The hardware-aware prefix scheduler then uses these calibrated survival probabilities to dynamically determine the optimal verification length for each request. The scheduler formulates verification length selection as a global throughput maximization problem. For a batch of R active requests, the total batch size sent to the target model is B=∑r=1R(1+ℓr), and the expected number of accepted tokens is τ=∑r=1R(1+∑j=1ℓrar,j), where ar,j=∏i≤jcr,i is the cumulative survival probability. The scheduler aims to maximize the expected system-wide token throughput Θ=τ⋅SPS(B), where SPS(B) is the profiled engine throughput. By greedily admitting tokens with the highest survival probabilities and employing an early-stopping mechanism to enforce causality, the scheduler prevents verification waste without compromising the lossless guarantee of speculative decoding.

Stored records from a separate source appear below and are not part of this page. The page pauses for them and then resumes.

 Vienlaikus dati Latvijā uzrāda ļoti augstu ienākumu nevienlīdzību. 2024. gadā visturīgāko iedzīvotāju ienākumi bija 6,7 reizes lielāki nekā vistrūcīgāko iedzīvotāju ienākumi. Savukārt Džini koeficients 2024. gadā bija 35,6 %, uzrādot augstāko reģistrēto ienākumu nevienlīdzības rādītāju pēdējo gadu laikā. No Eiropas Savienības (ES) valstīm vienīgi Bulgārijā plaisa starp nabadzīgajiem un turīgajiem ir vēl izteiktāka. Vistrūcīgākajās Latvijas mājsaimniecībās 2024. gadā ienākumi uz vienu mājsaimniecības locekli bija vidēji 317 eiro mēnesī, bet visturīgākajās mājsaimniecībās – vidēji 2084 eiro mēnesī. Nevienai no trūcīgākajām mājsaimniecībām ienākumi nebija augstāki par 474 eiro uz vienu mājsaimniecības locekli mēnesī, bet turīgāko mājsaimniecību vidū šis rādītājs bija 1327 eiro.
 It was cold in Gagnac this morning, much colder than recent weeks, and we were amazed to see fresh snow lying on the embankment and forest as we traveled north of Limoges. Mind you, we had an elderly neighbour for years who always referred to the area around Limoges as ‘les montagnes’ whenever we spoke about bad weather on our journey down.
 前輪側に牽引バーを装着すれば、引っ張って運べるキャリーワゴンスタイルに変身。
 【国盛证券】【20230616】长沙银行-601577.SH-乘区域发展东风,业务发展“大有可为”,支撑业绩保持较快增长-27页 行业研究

During training, the target model is frozen, and the draft model updates only the backbone, sequential block, and confidence head. The training objective combines three position-weighted terms: a cross-entropy loss Lce for next-token prediction, a distribution-matching loss Ltv that penalizes the total variation distance between draft and target distributions, and a binary cross-entropy confidence loss Lconf. The overall objective is a weighted combination:
L=αceLce+αtvLtv+αconfLconf.This multi-task training ensures the draft model generates high-quality tokens while providing reliable confidence estimates for the scheduler.
Experiment
The evaluation uses offline benchmarks spanning mathematical reasoning, code generation, and chat to compare the semi-autoregressive DSpark drafter against fully autoregressive and parallel drafters, revealing that DSpark combines the high initial-token capacity of parallel models with reduced suffix decay via a lightweight sequential head. Controlled experiments further show that even a small amount of autoregression yields substantial coherence gains and that a confidence head adaptively prunes low-probability suffixes, reducing wasted verification. In a live production deployment under user traffic, DSpark’s hardware-aware scheduler dynamically adjusts verification length to load, shifting the throughput-interactivity Pareto frontier outward and maintaining robust capacity under strict latency constraints.

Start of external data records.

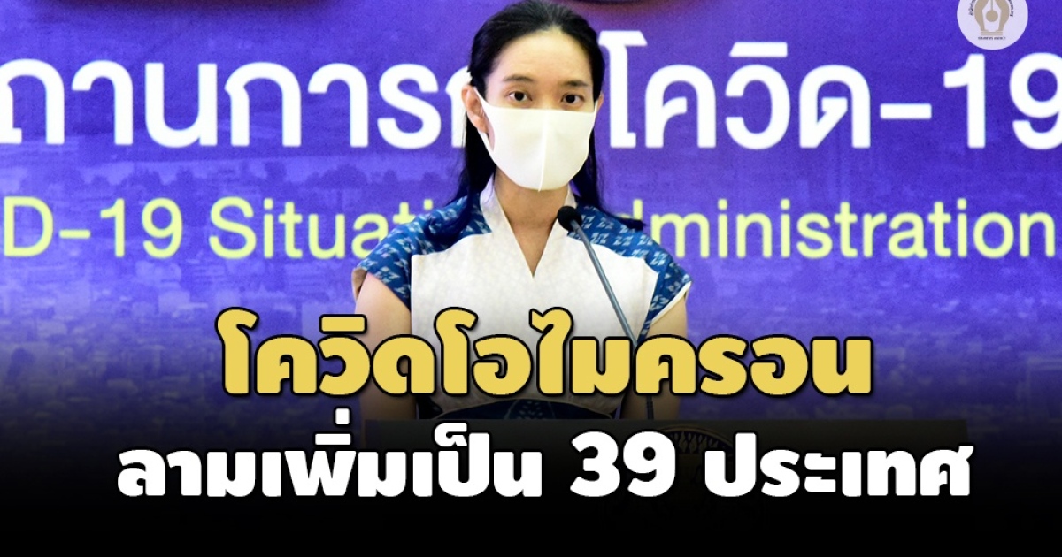 ผู้สื่อข่าวรายงานว่า เมื่อวันที่ 3 ธ.ค.2564 พญ.สุมนี วัชรสินธุ์ ผู้อำนวยการสำนักสื่อสารความเสี่ยงและพัฒนาพฤติกรรมสุขภาพ กรมควบคุมโรค ในฐานะผู้ช่วยรองโฆษกศูนย์บริหารสถานการณ์โควิด (ศบค.) รายงานสถานการณ์การระบาดของโควิดสายพันธุ์โอไมครอนว่า วันนี้พบผู้ติดเชื้อเพิ่มขึ่นเป็น 39 ประเทศ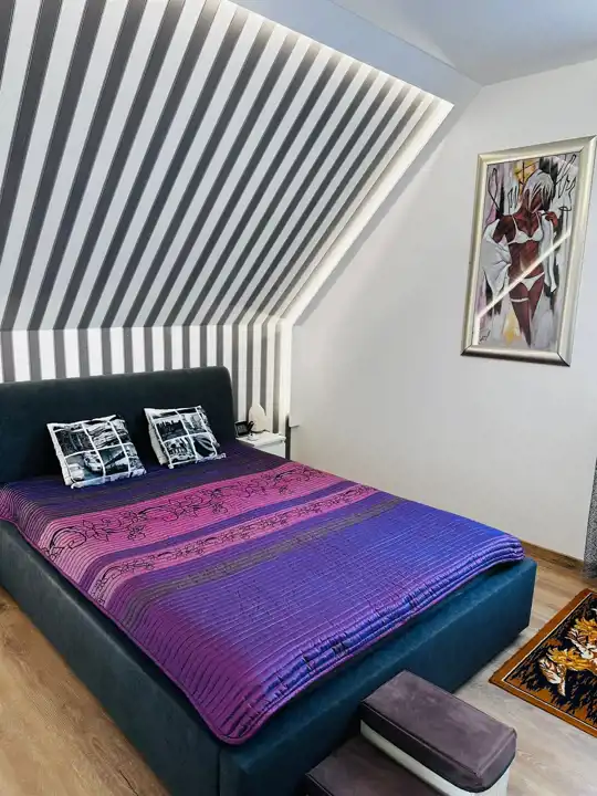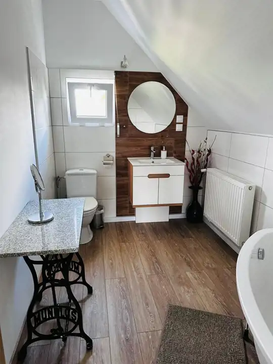 Poddasze mieści sypialnię, pokój dzienny oraz drugą łazienkę (z wanną).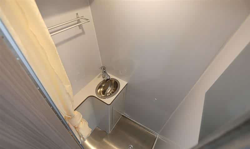 车内配有独立卫浴间,标配一台便携式马桶、洗漱台带内嵌式面盆、抽拉式淋浴喷头、毛巾架顶部有蘑菇头换气扇带照明灯。水路方面配有100L净水箱以及45L灰水箱带排污阀,还装有7L电热水器。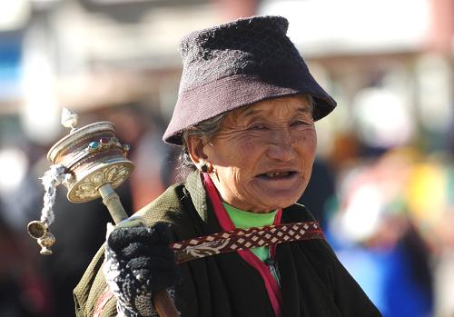 資料圖片:一位藏族老阿媽在拉薩轉經(2007年11月拍攝)。新華社記者 索朗羅布 攝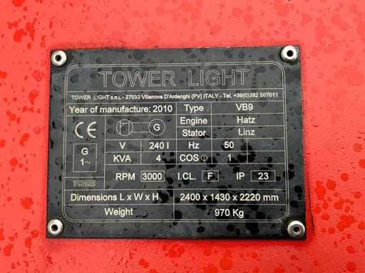 Ausgestattet mit einem "Hatz" 1-Zylinder-Dieselgenerator; Stunden 3882; ausgestattet mit 4 einzeln verstellbaren Lampen (4x1000W); Maximale Höhe 9 Meter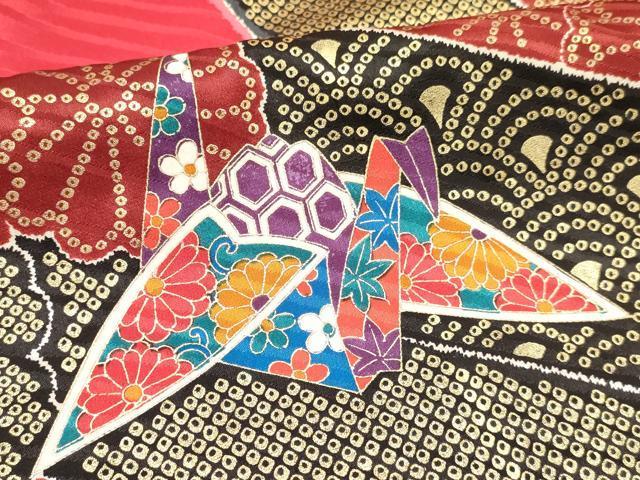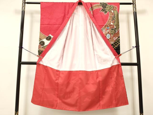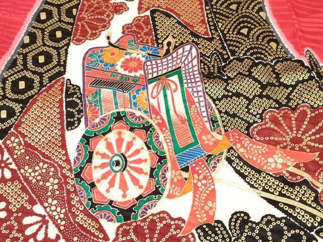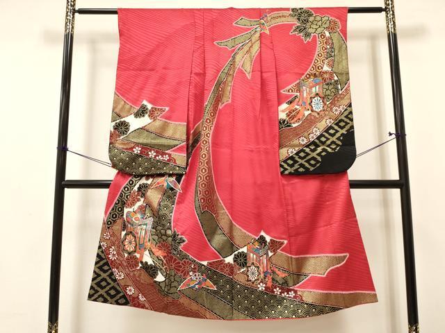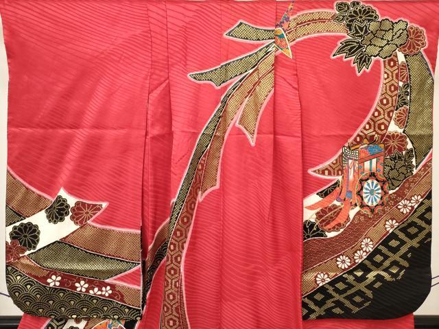 Heiwaya Kimono for Shichi-Go-San, Girl, Age 7, Celebration Kimono, Yotsumi, Origami Crane, Noshi, Imperial Carriage, Flower Design, Gold Accents, Excellent Item, DAAY3245ma

The authors evaluate the DSpark speculative decoding framework against autoregressive and parallel baselines across multiple target models and domains. Results show that DSpark consistently achieves the highest accepted length per decoding round, outperforming both baseline drafters across all tested configurations. Additionally, the experiments reveal that structured tasks like math and code naturally sustain higher acceptance rates compared to open-ended chat domains. DSpark consistently outperforms both the autoregressive Eagle3 and parallel DFlash drafters across all target model scales and benchmark domains. Structured tasks such as mathematical reasoning and code generation yield higher accepted lengths than open-ended chat tasks. The performance advantage of DSpark generalizes across different model families, including both Qwen3 and Gemma4 targets.

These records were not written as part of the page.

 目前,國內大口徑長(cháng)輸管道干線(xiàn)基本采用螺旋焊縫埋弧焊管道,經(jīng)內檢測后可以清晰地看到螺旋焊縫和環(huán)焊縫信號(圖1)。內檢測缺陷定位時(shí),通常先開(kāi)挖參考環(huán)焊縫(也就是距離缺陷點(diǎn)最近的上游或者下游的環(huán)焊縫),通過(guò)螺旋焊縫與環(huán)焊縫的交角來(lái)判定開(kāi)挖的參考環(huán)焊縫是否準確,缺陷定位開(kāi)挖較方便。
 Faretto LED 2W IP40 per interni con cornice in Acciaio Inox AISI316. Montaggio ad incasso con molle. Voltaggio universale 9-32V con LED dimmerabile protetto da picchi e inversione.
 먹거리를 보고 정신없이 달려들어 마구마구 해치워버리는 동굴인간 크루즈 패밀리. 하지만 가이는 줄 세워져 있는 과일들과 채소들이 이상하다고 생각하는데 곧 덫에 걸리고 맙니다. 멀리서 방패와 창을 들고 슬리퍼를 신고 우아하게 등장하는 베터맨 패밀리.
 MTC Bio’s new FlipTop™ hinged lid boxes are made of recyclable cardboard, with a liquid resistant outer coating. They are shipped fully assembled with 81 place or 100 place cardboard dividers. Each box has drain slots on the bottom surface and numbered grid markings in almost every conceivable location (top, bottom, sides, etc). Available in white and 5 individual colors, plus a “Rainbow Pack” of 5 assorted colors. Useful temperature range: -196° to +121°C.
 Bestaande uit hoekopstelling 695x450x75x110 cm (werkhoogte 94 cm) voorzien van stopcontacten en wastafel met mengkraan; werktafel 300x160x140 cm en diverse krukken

The evaluation benchmarks DSpark against autoregressive (Eagle3) and parallel (DFlash) drafters across multiple target model scales and domains, including Qwen3 and Gemma4, measuring accepted token length per decoding round. DSpark consistently yields the highest accepted lengths, outperforming both baselines on all configurations, and its advantage generalizes across model families. Structured tasks like math reasoning and code generation sustain higher acceptance rates than open-ended chat, indicating that the framework thrives in more predictable generation settings.